## [Activity]
Type out all the records word for word. Any pictures are to be left out.

## [Material provided]
━━━━━━━━━━━━━━━━━━━━
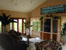 Imagine a vacation where you wake up in your very own exotic paradise. You're surrounded by warm breezes, tropical forests teeming with wildlife, pristine beaches, clear blue skies, high mountain rain forest, and tropical sun. Two bedrooms with king size beds leading to the balcony overlooking breath taking views of the Pacific. By the private pool you can sun bathe or sit under the Tiki Hut and grill the fresh catch of the day as you sip on a cold beverage. When the sun goes down, the fiber optic lighting system throughout the landscape and around the pool will lure you to enjoy the night air. Average temperature is 70 at night, 88 in the day. Grounds include avocado, mango, papaya, and citrus trees with many tropical flowers for the humming birds. Howler monkeys, iguanas, and parrots frequent the area, as well as many other species of birds and animals. The house is comfortable with a well-equipped kitchen, large dining room, private pool overlooking the ocean, gas barbecue grill, a wonderful maid and overall, beautiful surroundings. It has all the conveniences of home, ice makers, washer and dryer, dishwasher, central A/C and more. Optional amenities include a local chef and full catering.
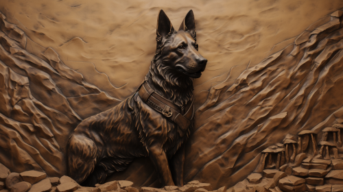 a heroic german shephard dog posing on top of a hill, Bas-relief, intricately detailed, serious face, subdued, classical --v 5.2 --ar 16:9
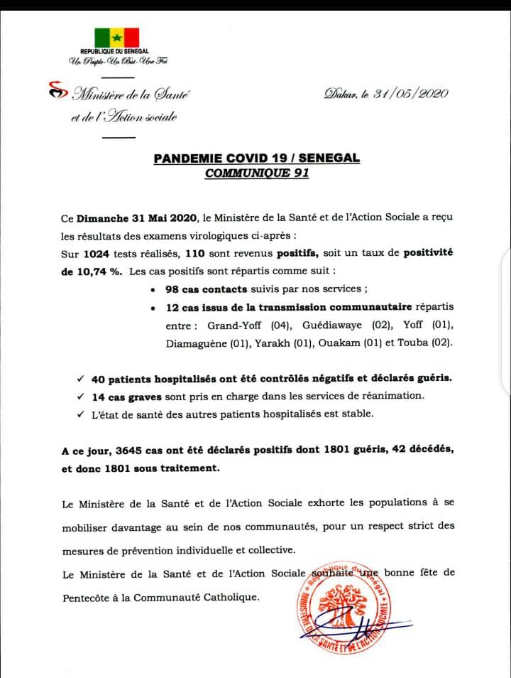 Sur 1024 tests réalisés, 110 sont revenus positifs au coronavirus soit un taux de positivité de 10,74 %. Selon Dr Aloyse Diouf, il s’agit de 98 cas contacts suivis et 12 cas issus de la transmission communautaire répartis comme suit : Grand Yoff (4), Guédiawaye (2), Yoff (1), Diamaguène (1), Yarakh (1), Ouakam (1) et Touba (2).
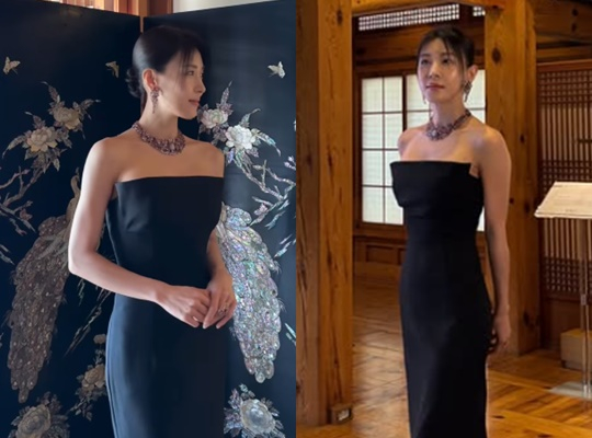 하지원은 한 이탈리아 하이 주얼리 브랜드 행사에서 찍은 사진으로 미모를 자랑했다. 하지원은 오프 숄더 드레스를 입고 늘씬하면서도 볼륨감 있는 몸매를 자랑한다.
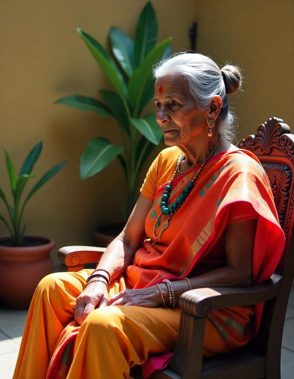 Her face, lined with the years, often wore a thoughtful expression, a portrait of the thoughts endlessly circulating in her head. She was not much interested in the news of her age, instead, she liked listening to tales of her yesteryear. For her, a world of social drama and gossip meant nothing great; her mind was focused on memories from another era.
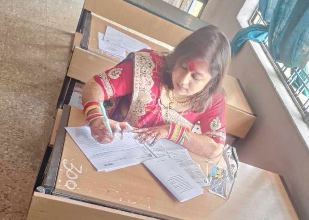 अगर मन में पढ़ने की लगन हो, तो... सौंसर में सात फेरे लेने के बाद पति संग परीक्षा केंद्र पहुंची दुल्हन
━━━━━━━━━━━━━━━━━━━━
## [Solution]
 Imagine a vacation where you wake up in your very own exotic paradise. You're surrounded by warm breezes, tropical forests teeming with wildlife, pristine beaches, clear blue skies, high mountain rain forest, and tropical sun. Two bedrooms with king size beds leading to the balcony overlooking breath taking views of the Pacific. By the private pool you can sun bathe or sit under the Tiki Hut and grill the fresh catch of the day as you sip on a cold beverage. When the sun goes down, the fiber optic lighting system throughout the landscape and around the pool will lure you to enjoy the night air. Average temperature is 70 at night, 88 in the day. Grounds include avocado, mango, papaya, and citrus trees with many tropical flowers for the humming birds. Howler monkeys, iguanas, and parrots frequent the area, as well as many other species of birds and animals. The house is comfortable with a well-equipped kitchen, large dining room, private pool overlooking the ocean, gas barbecue grill, a wonderful maid and overall, beautiful surroundings. It has all the conveniences of home, ice makers, washer and dryer, dishwasher, central A/C and more. Optional amenities include a local chef and full catering.
 a heroic german shephard dog posing on top of a hill, Bas-relief, intricately detailed, serious face, subdued, classical --v 5.2 --ar 16:9
 Sur 1024 tests réalisés, 110 sont revenus positifs au coronavirus soit un taux de positivité de 10,74 %. Selon Dr Aloyse Diouf, il s’agit de 98 cas contacts suivis et 12 cas issus de la transmission communautaire répartis comme suit : Grand Yoff (4), Guédiawaye (2), Yoff (1), Diamaguène (1), Yarakh (1), Ouakam (1) et Touba (2).
 하지원은 한 이탈리아 하이 주얼리 브랜드 행사에서 찍은 사진으로 미모를 자랑했다. 하지원은 오프 숄더 드레스를 입고 늘씬하면서도 볼륨감 있는 몸매를 자랑한다.
 Her face, lined with the years, often wore a thoughtful expression, a portrait of the thoughts endlessly circulating in her head. She was not much interested in the news of her age, instead, she liked listening to tales of her yesteryear. For her, a world of social drama and gossip meant nothing great; her mind was focused on memories from another era.
 अगर मन में पढ़ने की लगन हो, तो... सौंसर में सात फेरे लेने के बाद पति संग परीक्षा केंद्र पहुंची दुल्हन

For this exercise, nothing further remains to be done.